Abbreviations: Rnum, residue number within a reference protein; Cod2, codon at the base position in the reference; A, corresponding amino acid; TsTv, number of transitions transversions for Cod2 -> Cod1 mutation; Cod1, codon at the base position in the test (mutant) set; i, binary check if a given codon fulfills criteria Oi (i = 1,..,8); ch, conservation of charged amino acids (HKR DE) (0–9); ‘+’ when test is charged; sCON, sequence conservation [−9,9]; gcSid4, sequence identity to genomic sequences from the expanded dataset (exact codon match); aaSidH, sequence identity to protein sequences from homologous proteins only (amino acid match); GSV1, viability predictions V1–V4 and N5–N7 calculated by GeneSV using dataset 2012.02.12; GSV2, viability predictions V1–V4 and N5–N7 calculated by GeneSV using dataset 2013.02.18; SIFT, viability predictions V or N by SIFT server; PRV, viability predictions V or N by PROVEAN server;
(*)—codons with fewer than 3 position hits should be evaluated with caution (“viability” predictions may be not reliable).

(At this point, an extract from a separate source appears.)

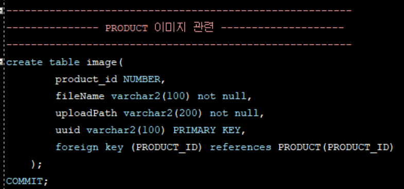 DB에 아래의 명령을 통해 상품 이미지 테이블(IMAGE)을 생성합니다.
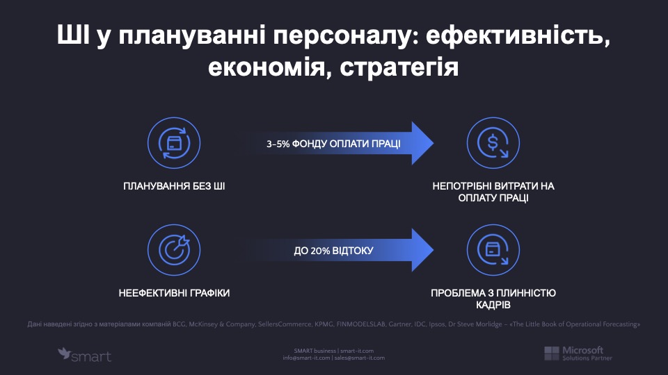 - Планування персоналу – SMART Flexi Scheduler: На основі прогнозів попиту та очікуваної інтенсивності операцій ШІ-система пропонує оптимізовані графіки змін, щоб уникнути простоїв та перевантажень. Це дозволяє скоротити додаткові витрати на фонд оплати праці до 5% та зменшити плинність кадрів до 20%.

(V1) VIABLE—Highest confidence for viable mutations is assigned based on codons observed in the reference library (eg, DENV-2 codon frequency matrix; Observation O0).
(V2) VIABLE—High confidence for viable mutations (novel codon predictions) is assigned based on codons observed in the expanded library (eg, DENV-1234 codon frequency matrix; Observation O4).
(V3) VIABLE—Medium confidence for viable mutations (novel codon predictions) is assigned to codons that can be constructed from the position frequency matrix from the expanded library and the AA coded for is observed at the corresponding position in synonymous codons or in results from protein sequence/structure homology searches (SeqalSV/StralSV analyses; Observations O5 and O7).
(V4) VIABLE—Low confidence for viable mutations (novel codon predictions) is assigned to codons that cannot be constructed from the position frequency matrix from expanded library, but can be predicted based on corresponding AA positions from synonymous codons or SeqalSV/StralSV analyses (Observation O7).
(N5) NOT VIABLE—Low confidence predictions of deleterious codons are assigned to codons that can be constructed from observed position frequency matrix from the expanded library, but corresponding AAs are not observed in synonymous codons nor results from SeqalSV/StralSV analyses (Observation O5 and NOT O7).
(N6) NOT VIABLE—Medium confidence predictions of deleterious codons are assigned to codons that could be constructed based on the expanded position frequency matrix (additional bases predicted from AA positions using approach (V4)), but still not observed in AA results from synonymous codons nor SeqalSV/StralSV analyses (Observation O8 and NOT O7).
(N7) NOT VIABLE—High confidence predictions of deleterious codons are assigned to all remaining mutation positions based on no evidence in analyzed data that such a mutation or similar one (in homologous proteins) can occur and generate a viable virus. (Observation NOT O8—no evidence for possible codon construction using data from current genomic or protein sequences).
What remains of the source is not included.